* **EXERCISE MATERIALS**

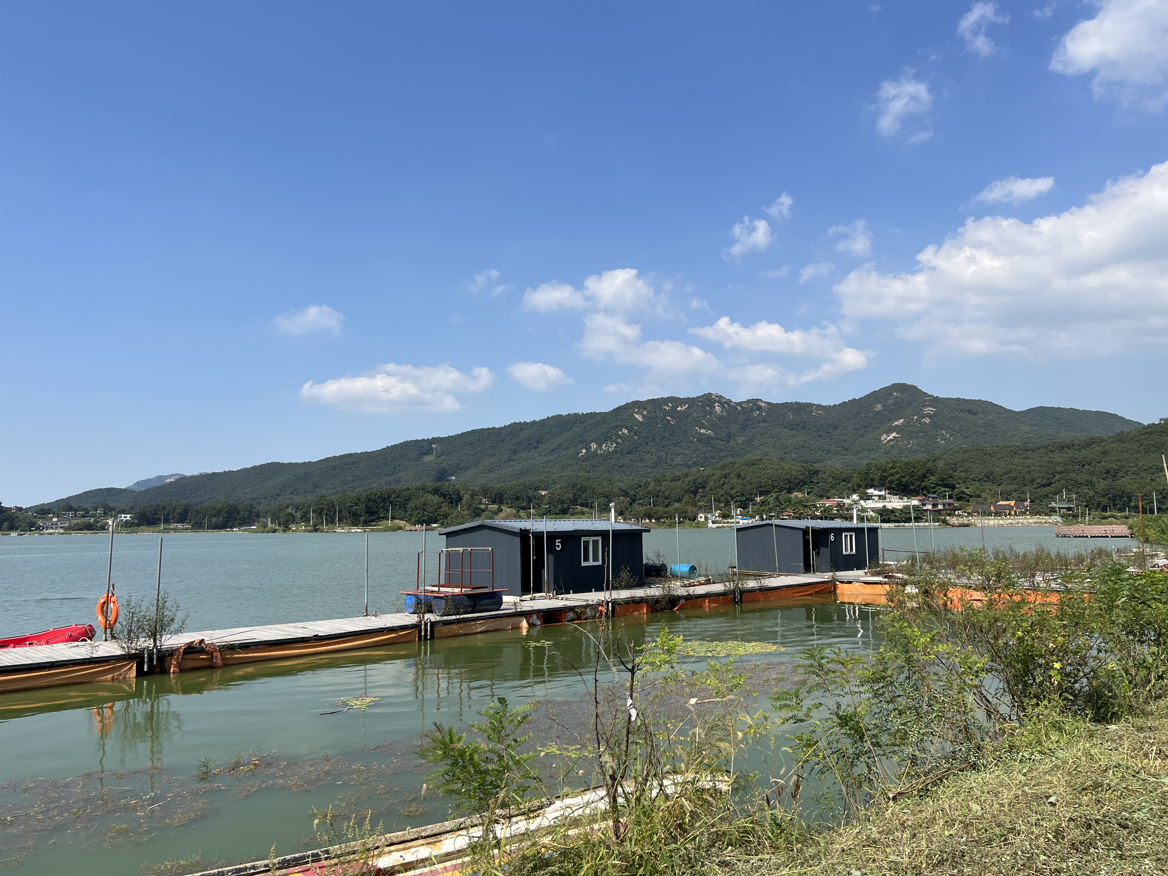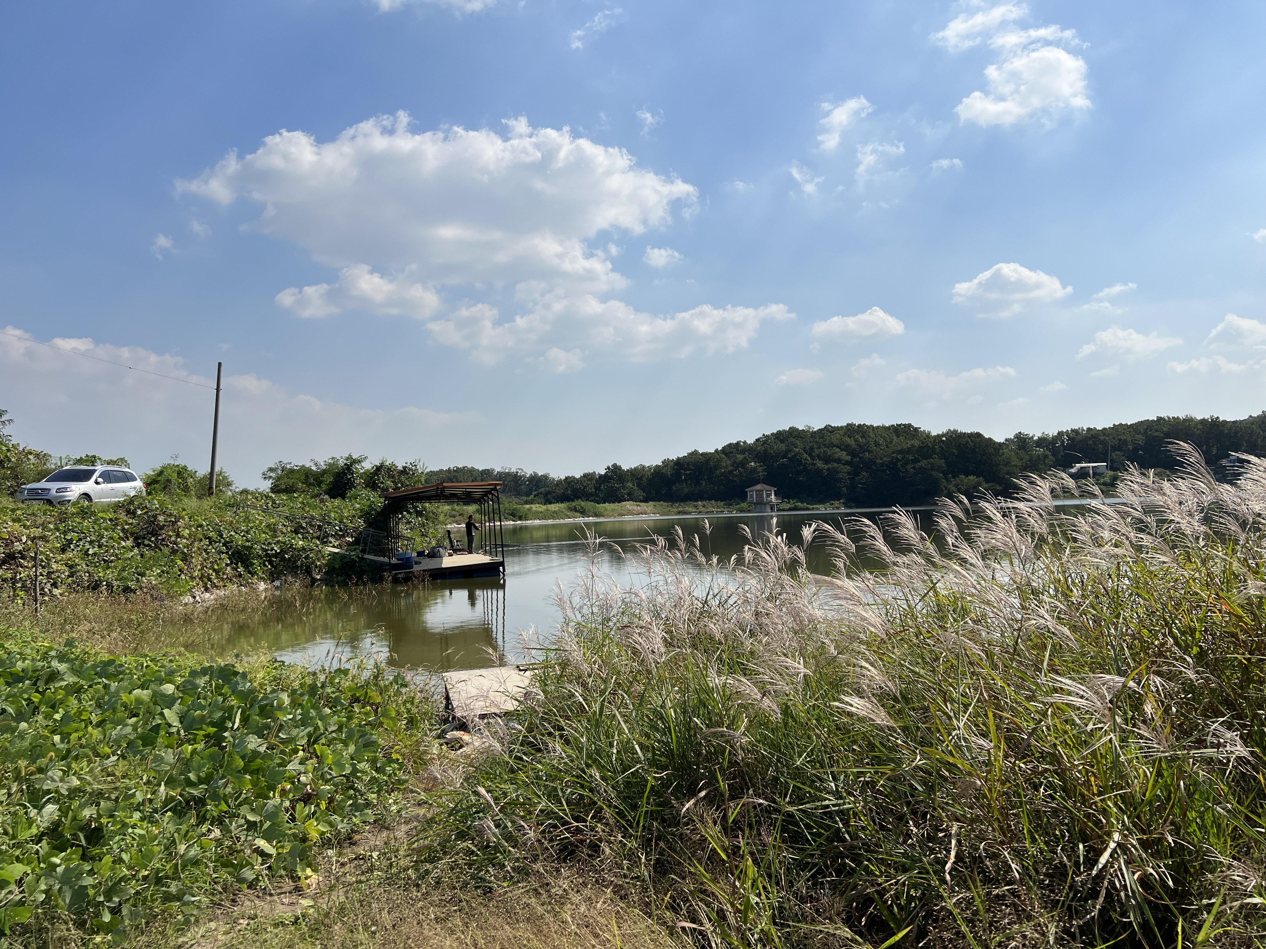 이곳은 개인 좌대도 있지만 여럿이 낚시를 할 수 있는 좌대도 여럿 있었습니다. 지금 보이는 곳이 들어가서 초입에 있는 좌대인데 차량 진입이 상당히 어려운 곳이었습니다. 저는 사륜구동 차량을 가지고 진입했는데도 진입로가 너무 나빠서 올라올 때 애를 먹은 기억이 나네요.
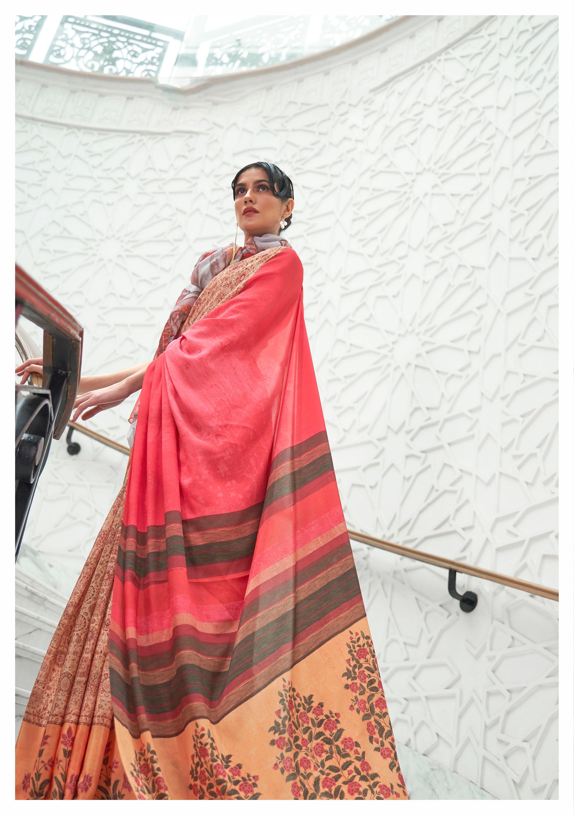 Does your wardrobe need more versatility? Then, check out this. Let your skin feel the refreshing touch as you adorn this superior-quality lightweight Peach Digital Print Crepe Silk Saree to match the overall modest design. If you're yearning to make a fashion statement in your outfit, pick this kalamkari design for any occasion, such as wedding receptions, engagement parties, and sangeets. A wedding Guest would look gorgeous in this Peach Digital Print Crepe Silk Saree. Don't wait. Just go ahead and order.
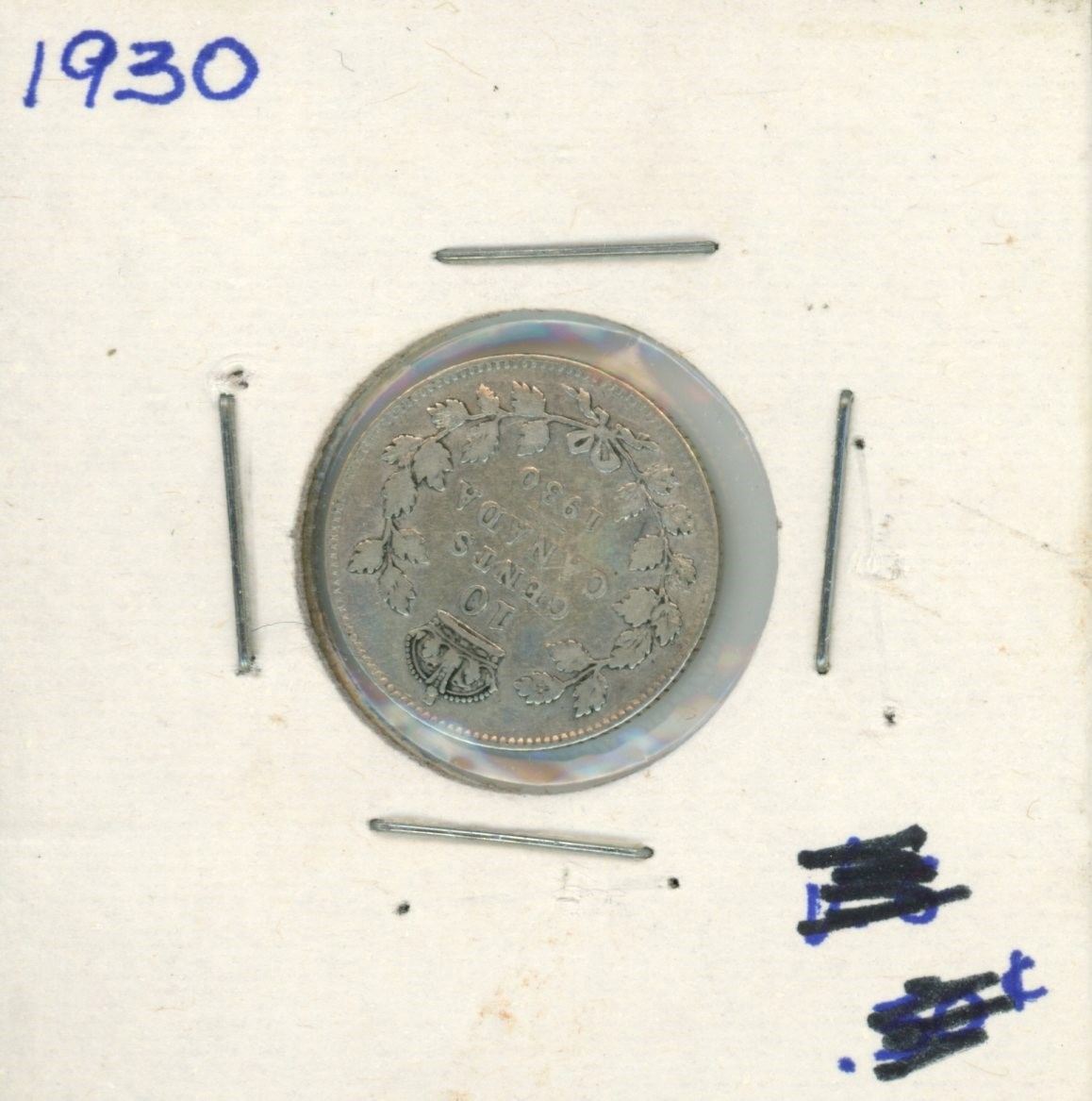1930 Canadian Silver 10 Cent Coin
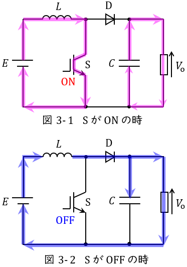 図3-1及び図3-2に昇圧チョッパの例を示します。
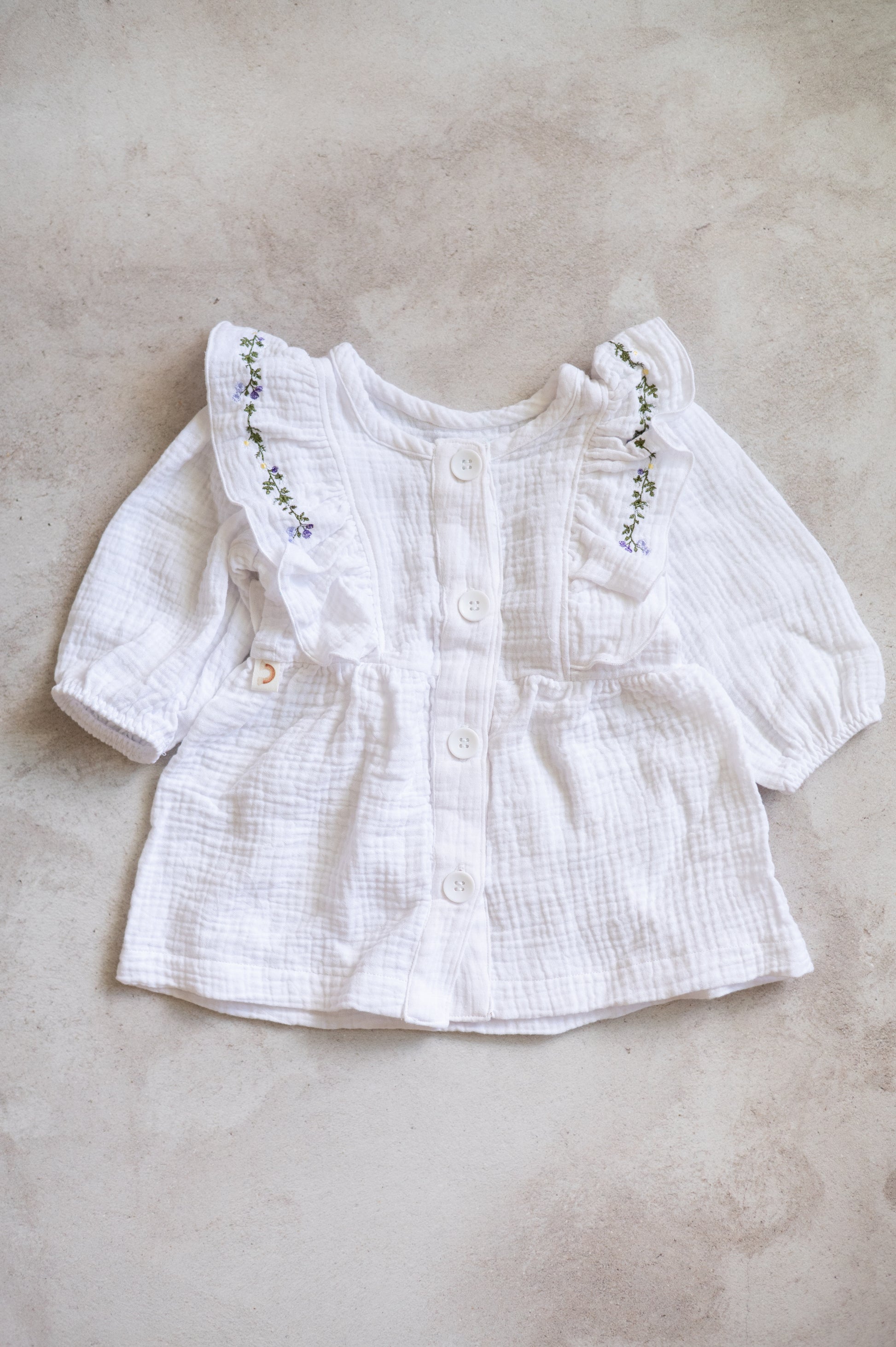 Emily Dress- White with floral Embroidery
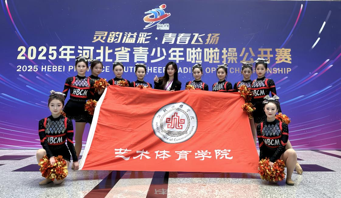 2025年4月19 - 21日,由河北省体育局体操举重柔道运动中心、河北省体操协会联合主办的2025年河北省青少年啦啦操公开赛在石家庄市人民会堂盛大举行。本次比赛吸引了来自全省近130支参赛队伍、3200余名青少年选手报名参赛 ,规模空前。河北传媒学院艺术体育学院郭佳慧老师带领的河北传媒学院啦啦操队表现出色,队内10名来自2022和2023级表演(体育表演)专业的学生表现出色,荣获公开青年甲组-小集体花球规定动作(2020版)-4级冠军。
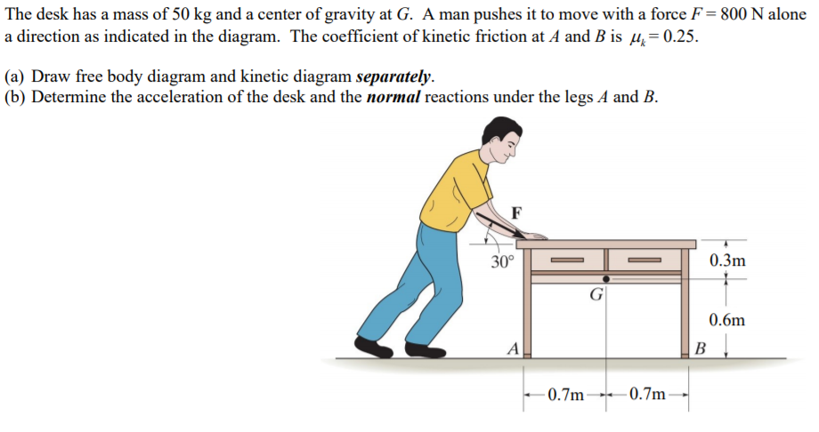 Draw a free-body diagram. Force of thrust is going up, force of drag and gravity is going down (arrow of force of gravity is bigger than the one of drag) ( force of thrust is the longest arrow) You've just kicked a rock on the sidewalk and it is now sliding along the concrete. The free-body diagram of the crate is shown in Figure(b). We apply Newton's second law in the horizontal and vertical directions, including the friction force in opposition to the direction of motion of the box. Solution. Newton's second law gives Draw the free-body diagram of the dumpster D of the truck, which has a weight of 5000 lb and a center of gravity at G. It is supported by a pin at A and a pin-connected hydraulic cylinder BC (short link). p g Given: F = 20 lb a = 1 in b = 6 in Solution: A x, A y, NB force of cylinder on wrench. Problem 5-8 Draw the free-body diagram of the automobile, which is being towed at constant velocity up the incline using the cable at C. The automobile has a mass M and center of mass at G. The tires are free to roll.
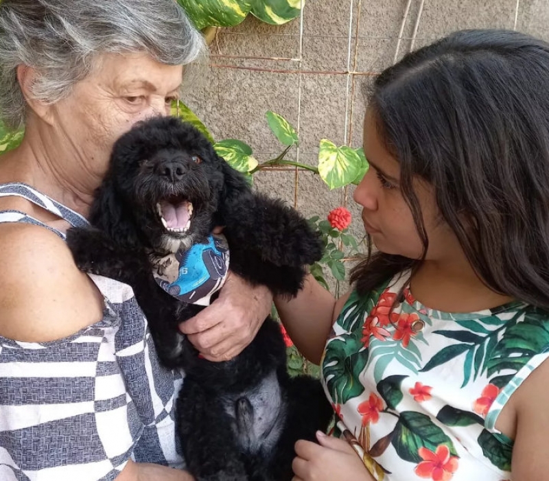 “Colocamos o nome nele de Black, por conta da cor do pelo. Estou muito feliz, mas o cachorro mais ainda. Ele e a minha neta estão se dando super bem. Foi amor à primeira vista. Não consigo nem explicar.”
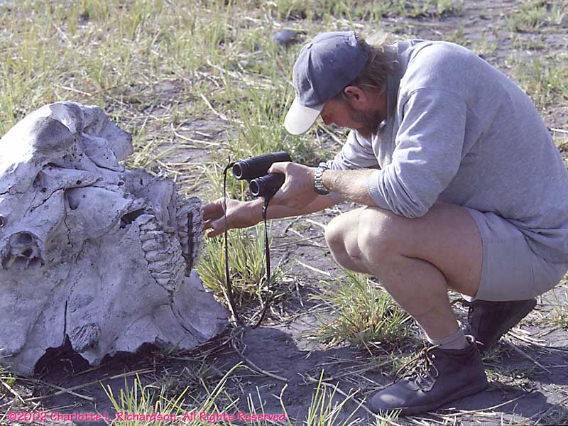 You can approach wildlife on foot on Chief's Island in the Okavango Delta. Peter, our guide, examines an elephant skull to determine how the animal died. This elephant was killed by lions, not by starvation due to worn-out teeth.
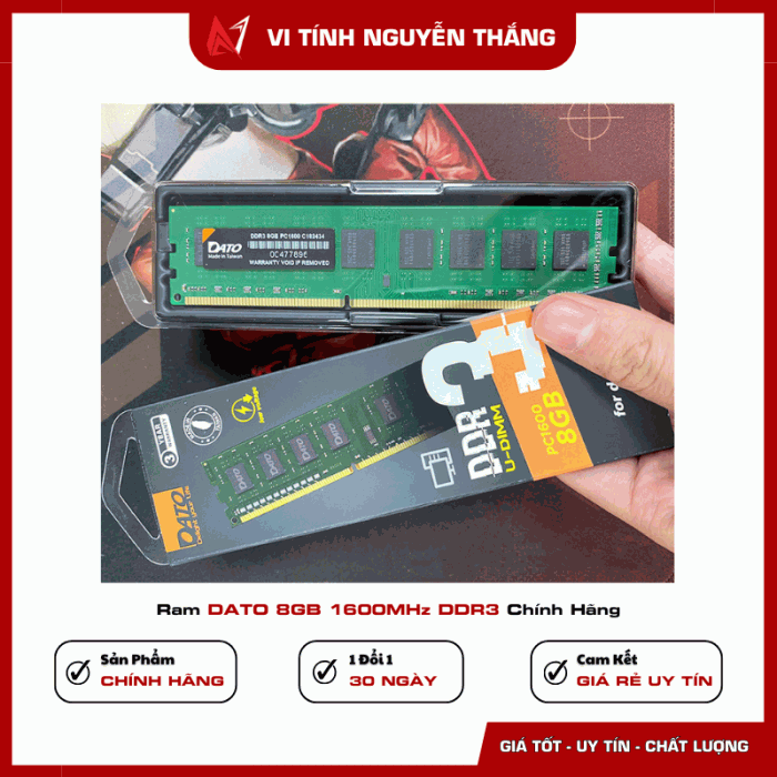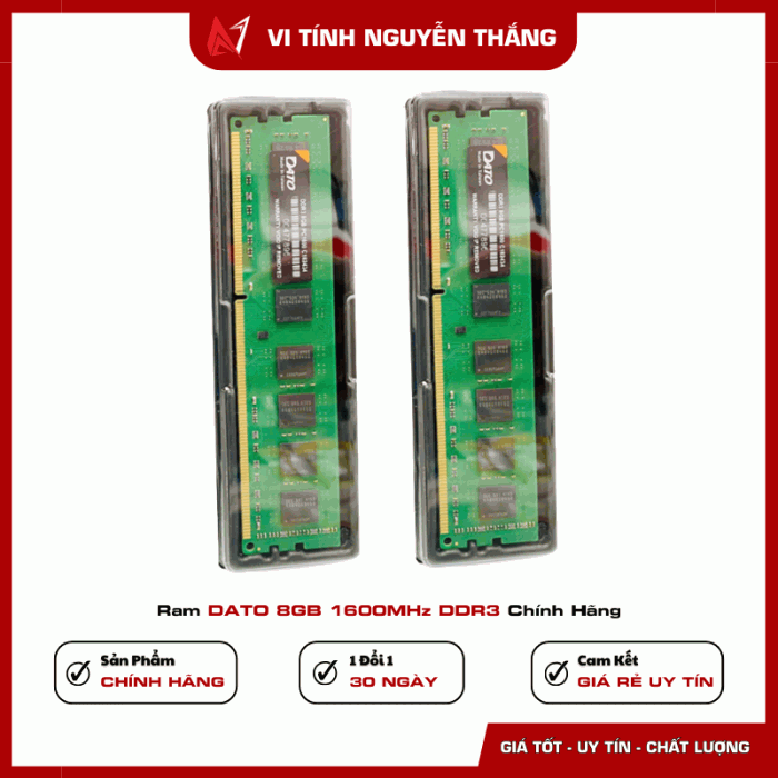 RAM DATO 8GB 1600MHz DDR3 Chính Hãng là lựa chọn hợp lý cho người dùng đang sử dụng nền tảng DDR3 và muốn nâng cấp hiệu năng với chi phí tối ưu. Dung lượng 8GB đáp ứng tốt nhu cầu phổ thông, bus 1600MHz ổn định và chế độ bảo hành 36 tháng mang lại sự an tâm lâu dài.
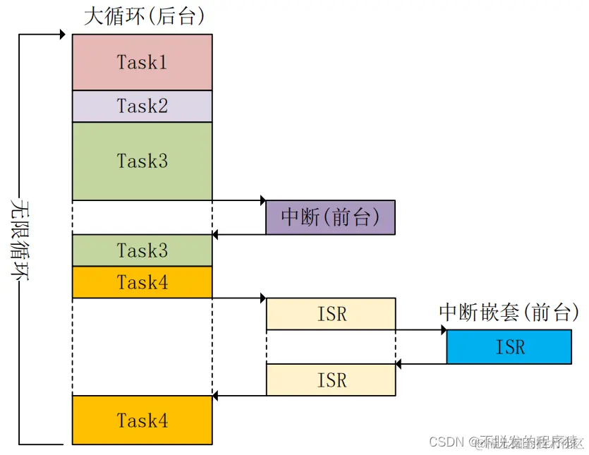 主程序依然是一段无限循环的代码,称为后台程序,而事件的响应则由中断来完成,称为前台程序。
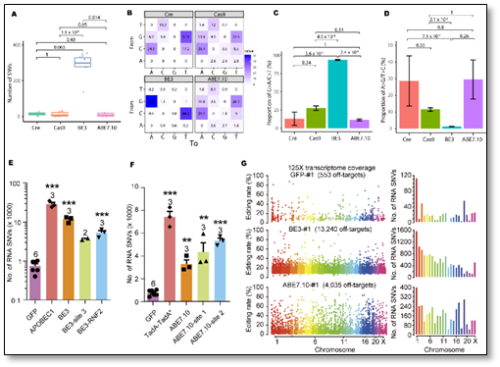 進一步研究將脫靶檢測范圍擴大至RNA水平,首次證明常用的三種單堿基編輯技術均存在大量的RNA脫靶。對其進行突變優(yōu)化后,研究人員最終獲得了能夠完全消除RNA脫靶的高精度單堿基編輯工具。
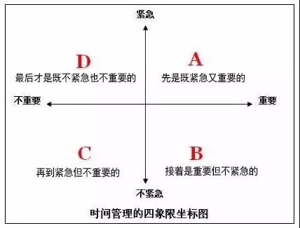 工作是以目标的实现为导向的,应从目标出发,按事情的 “重要程度” 编排行事的优先次序。所谓 " 重要程度 ",即指对实现目标的贡献大小。对实现目标越有贡献的事越是重要,它们越应获得优先处理 ;对实现目标越无意义的事情,越不重要,它们越应延后处理。简单地说,就是根据 “我现在做的,是否使我更接近目标 ” 这一原则来判断事情的轻重缓急。
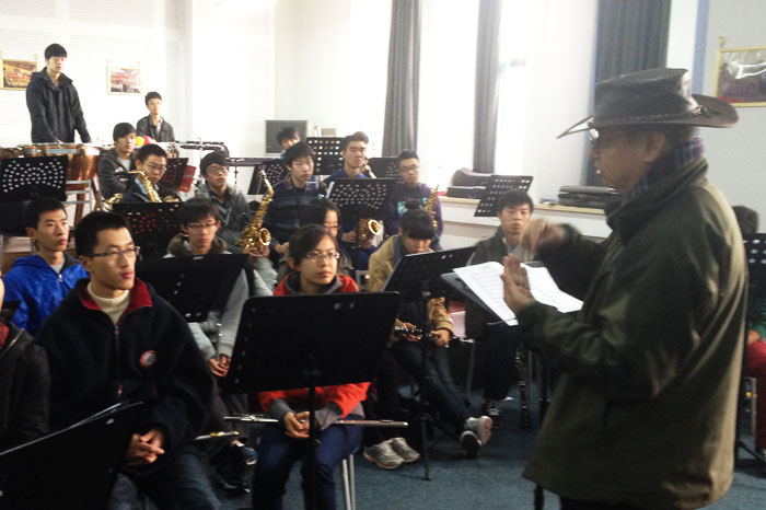 荣艾国大校肯定了我校管乐团的演奏水平,并根据乐团情况对学生演奏状况进行相关辅导,同时对学生进行军乐团行进步伐专业指导。荣艾国大校和我校指挥马骅老师商定了乐团进一步提高水平的方案及参赛演奏计划,并将在赛前定期来我校进行指导。

* **PROBLEM TO SOLVE**
Extract, verbatim and alone, the lines from the line that contains "主程序依然是一段无限循环的代" to the last line of the records, inclusive; drop any picture.

* **WRITTEN REPLY**
 主程序依然是一段无限循环的代码,称为后台程序,而事件的响应则由中断来完成,称为前台程序。
 進一步研究將脫靶檢測范圍擴大至RNA水平,首次證明常用的三種單堿基編輯技術均存在大量的RNA脫靶。對其進行突變優(yōu)化后,研究人員最終獲得了能夠完全消除RNA脫靶的高精度單堿基編輯工具。
 工作是以目标的实现为导向的,应从目标出发,按事情的 “重要程度” 编排行事的优先次序。所谓 " 重要程度 ",即指对实现目标的贡献大小。对实现目标越有贡献的事越是重要,它们越应获得优先处理 ;对实现目标越无意义的事情,越不重要,它们越应延后处理。简单地说,就是根据 “我现在做的,是否使我更接近目标 ” 这一原则来判断事情的轻重缓急。
 荣艾国大校肯定了我校管乐团的演奏水平,并根据乐团情况对学生演奏状况进行相关辅导,同时对学生进行军乐团行进步伐专业指导。荣艾国大校和我校指挥马骅老师商定了乐团进一步提高水平的方案及参赛演奏计划,并将在赛前定期来我校进行指导。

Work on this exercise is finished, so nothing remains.